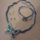 Superbe parrure papillon bleu, 3 pièces. Vendu pour un mariage. Collier en cordon bleu et cable avec pendentif papillon, bracelet assorti, et boucles d'oreilles pendantes avec gouttes en cristal de swarovski. Fermoir clous.
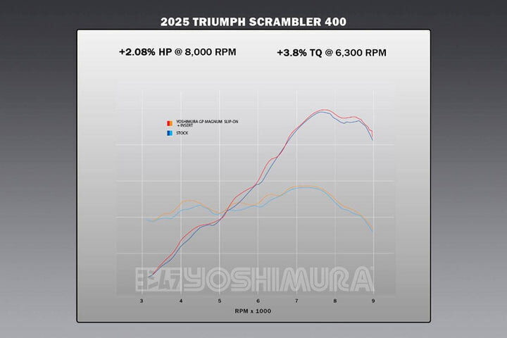 Our GP Magnum slip-on looks just perfect on the Scrambler 400. A weight savings of as much as 3 Lbs. is one thing, but the performance is another with a 2.08% increase of HP at 8000 rpm and a 3.8% increase in torque @ 6,300 rpm just nails it.
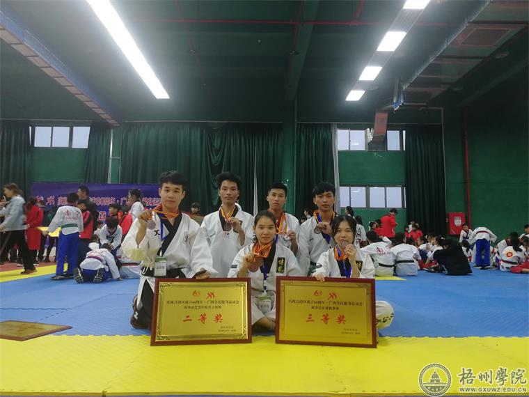 11月24日,广西全民健身运动会跆拳道比赛在梧州市综合体育馆二楼举行,我校跆拳道协会作为梧州市代表队之一出赛,参赛的项目为九人跆拳道舞蹈、个人品势和品势甲组男子团体,最终,为梧州市代表队拿下了品势甲组男子团体二等奖、跆拳道舞蹈三等奖的优异成绩。
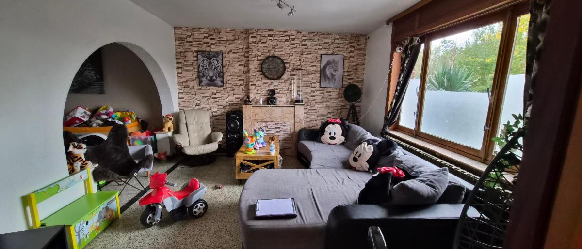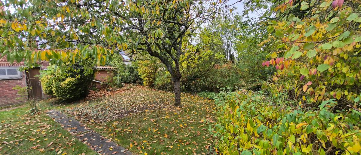 Maison d'habitation 4 façades de 1960 avec garage, parking à l'avant, jardin, cour et passage latéral carrossable sur et avec 06 a 04 ca.
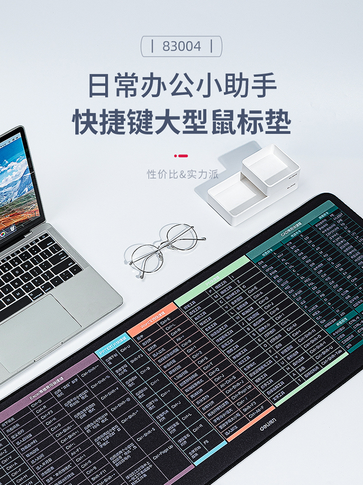 得力(deli) 快捷键鼠标垫 800*300*3mm 快捷键大全大号鼠标垫 锁边加厚办公电脑键盘桌垫 83004
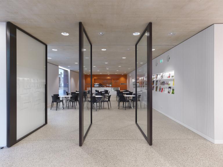 An der Schnittstelle zwischen mittelalterlicher Altstadt und bischöflichem Palais sollte eine neue Stadtbibliothek entstehen, die darüber hinaus an prominenter Stelle als Treffpunkt für die Bürger dienen sollte. Entstanden ist ein kommunizierender Baustein im städtischen Gefüge. Kommunikation wird auf dieser stadträumlichen Ebene so verstanden, dass Themen der Umgebung aufgenommen, interpretiert und neu wiedergegeben werden. So kann etwas Neues entstehen, dessen „genetischer Code“ aus der Umgebung gespeist wird. Der Baukörper für die Stadtbibliothek wurde in Anlehnung an die geknickte Bauform des Nachbargebäudes entwickelt. So entsteht ein räumlicher Dialog.

------------------------------------

**THE PROBLEM:**
For this exercise, retype the data above exactly and skip every image.

**ANSWER SPACE:**
 Superbe parrure papillon bleu, 3 pièces. Vendu pour un mariage. Collier en cordon bleu et cable avec pendentif papillon, bracelet assorti, et boucles d'oreilles pendantes avec gouttes en cristal de swarovski. Fermoir clous.
 Our GP Magnum slip-on looks just perfect on the Scrambler 400. A weight savings of as much as 3 Lbs. is one thing, but the performance is another with a 2.08% increase of HP at 8000 rpm and a 3.8% increase in torque @ 6,300 rpm just nails it.
 11月24日,广西全民健身运动会跆拳道比赛在梧州市综合体育馆二楼举行,我校跆拳道协会作为梧州市代表队之一出赛,参赛的项目为九人跆拳道舞蹈、个人品势和品势甲组男子团体,最终,为梧州市代表队拿下了品势甲组男子团体二等奖、跆拳道舞蹈三等奖的优异成绩。
 Maison d'habitation 4 façades de 1960 avec garage, parking à l'avant, jardin, cour et passage latéral carrossable sur et avec 06 a 04 ca.
 得力(deli) 快捷键鼠标垫 800*300*3mm 快捷键大全大号鼠标垫 锁边加厚办公电脑键盘桌垫 83004
 An der Schnittstelle zwischen mittelalterlicher Altstadt und bischöflichem Palais sollte eine neue Stadtbibliothek entstehen, die darüber hinaus an prominenter Stelle als Treffpunkt für die Bürger dienen sollte. Entstanden ist ein kommunizierender Baustein im städtischen Gefüge. Kommunikation wird auf dieser stadträumlichen Ebene so verstanden, dass Themen der Umgebung aufgenommen, interpretiert und neu wiedergegeben werden. So kann etwas Neues entstehen, dessen „genetischer Code“ aus der Umgebung gespeist wird. Der Baukörper für die Stadtbibliothek wurde in Anlehnung an die geknickte Bauform des Nachbargebäudes entwickelt. So entsteht ein räumlicher Dialog.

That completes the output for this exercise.